The answer is the line with "Begin your journey" and every line after it to the end of the listing, retyped exactly. Pictures do not belong in it.

_Information supplied:_

———

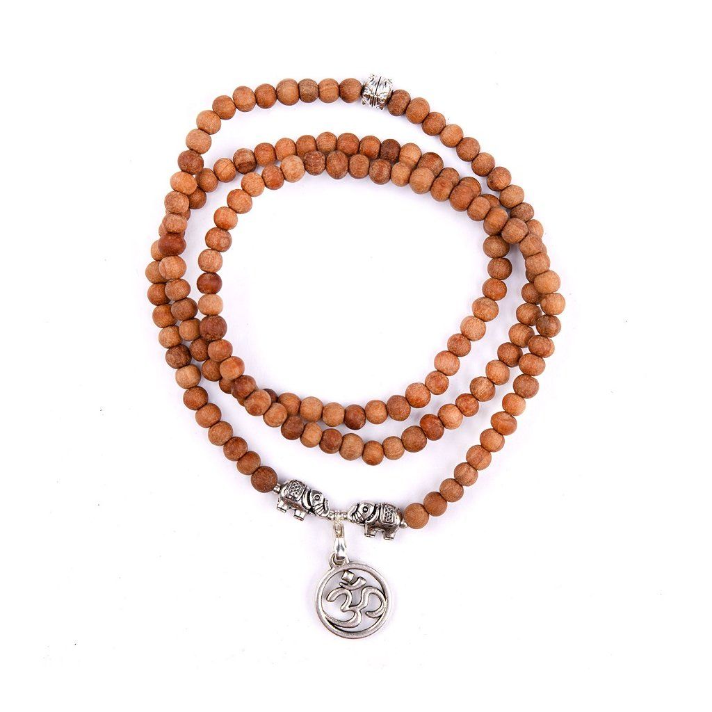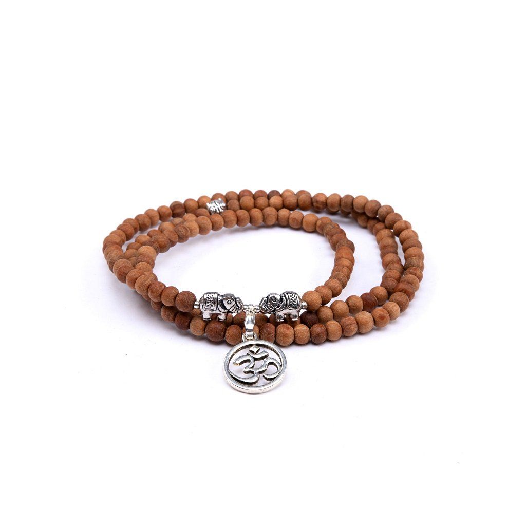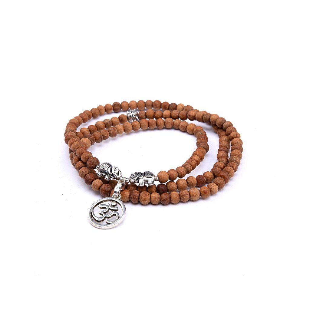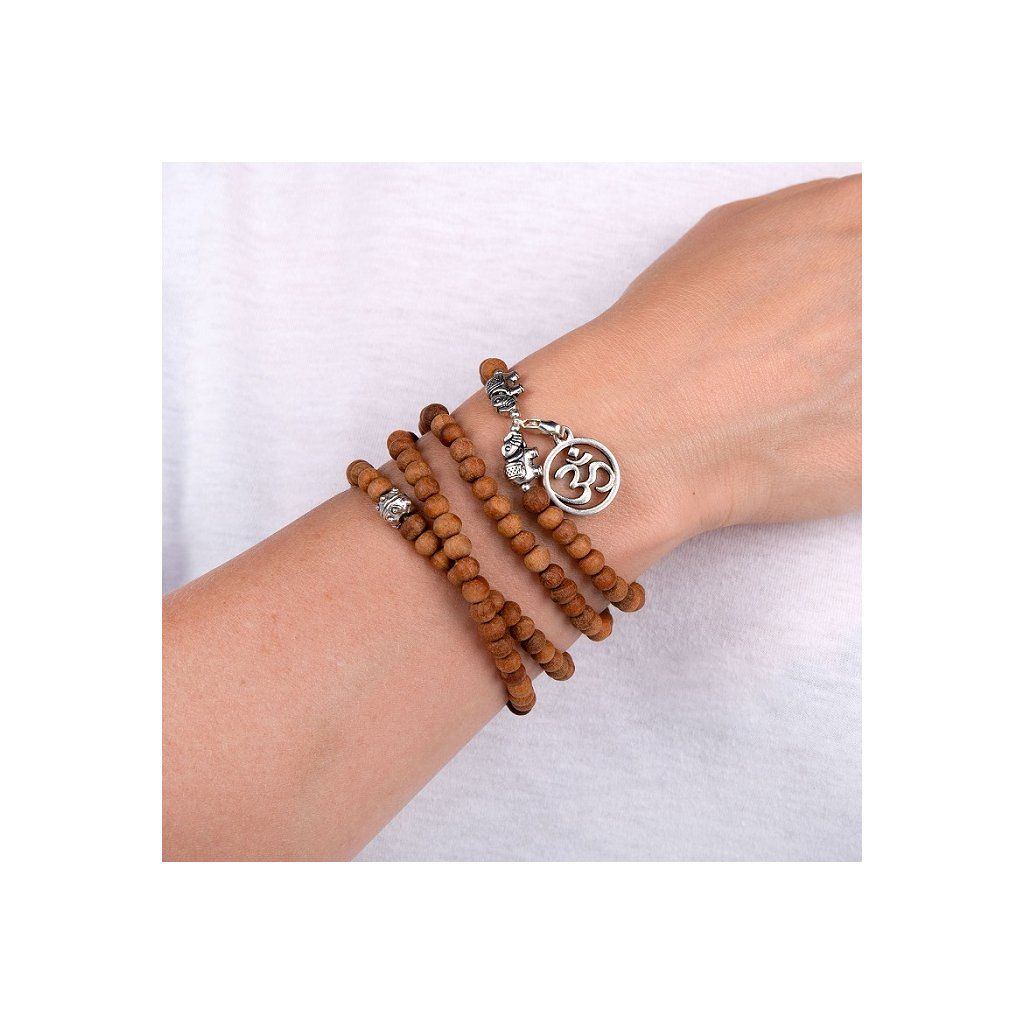 Bodhiextralarge bracelet with a sandalwood scent that you will love. brățara este decorată cu simbolul OM și elefanți și poate fi înfășurată în jurulîncheieturii de până la trei ori.O puteți purta și ca un colier. Mărgelele sunt mai mici, de aprox. 6 mm.
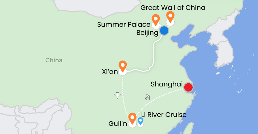 Begin your journey from Kolkata to the historic capital of Beijing, exploring iconic landmarks such as Tiananmen Square, the majestic Forbidden City, and the legendary Great Wall of China. Travel by high-speed train to Xi’an to witness the world-famous Terracotta Army and the historic Giant Wild Goose Pagoda. Continue to scenic Guilin for a breathtaking cruise along the Li River. Conclude in vibrant Shanghai with visits to The Bund, Yuyuan Garden, and the iconic Oriental Pearl Tower before returning home with unforgettable memories.
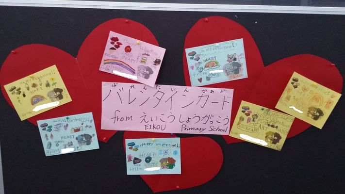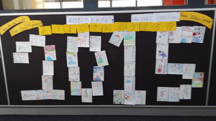 今朝、オーストラリアの小学校から届いた写真です。これまで、現地校に送った「年賀状」や「バレンタインカード」は大切に現地校で紹介されています。
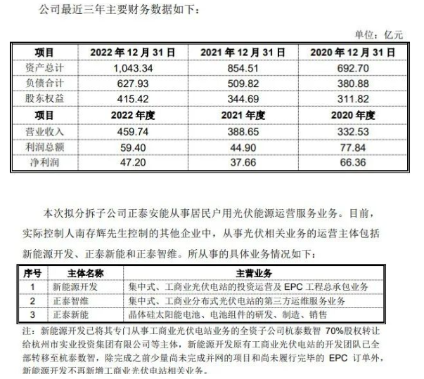 2023年6月4日晚间,正泰电器公 告,拟将控股子公司正泰安能分拆至上交所主板上市。正泰电器拟将其控股子公司正泰安能,分拆至上交所主板上市。本次分拆完成后,正泰电器股权结构不会发生 变化,且仍将维持对正泰安能的控制权。通过本次分拆,正泰安能作为上市公司下属唯一的户用光伏业务平台将实现独立上市。

———

_The answer:_
 Begin your journey from Kolkata to the historic capital of Beijing, exploring iconic landmarks such as Tiananmen Square, the majestic Forbidden City, and the legendary Great Wall of China. Travel by high-speed train to Xi’an to witness the world-famous Terracotta Army and the historic Giant Wild Goose Pagoda. Continue to scenic Guilin for a breathtaking cruise along the Li River. Conclude in vibrant Shanghai with visits to The Bund, Yuyuan Garden, and the iconic Oriental Pearl Tower before returning home with unforgettable memories.
 今朝、オーストラリアの小学校から届いた写真です。これまで、現地校に送った「年賀状」や「バレンタインカード」は大切に現地校で紹介されています。
 2023年6月4日晚间,正泰电器公 告,拟将控股子公司正泰安能分拆至上交所主板上市。正泰电器拟将其控股子公司正泰安能,分拆至上交所主板上市。本次分拆完成后,正泰电器股权结构不会发生 变化,且仍将维持对正泰安能的控制权。通过本次分拆,正泰安能作为上市公司下属唯一的户用光伏业务平台将实现独立上市。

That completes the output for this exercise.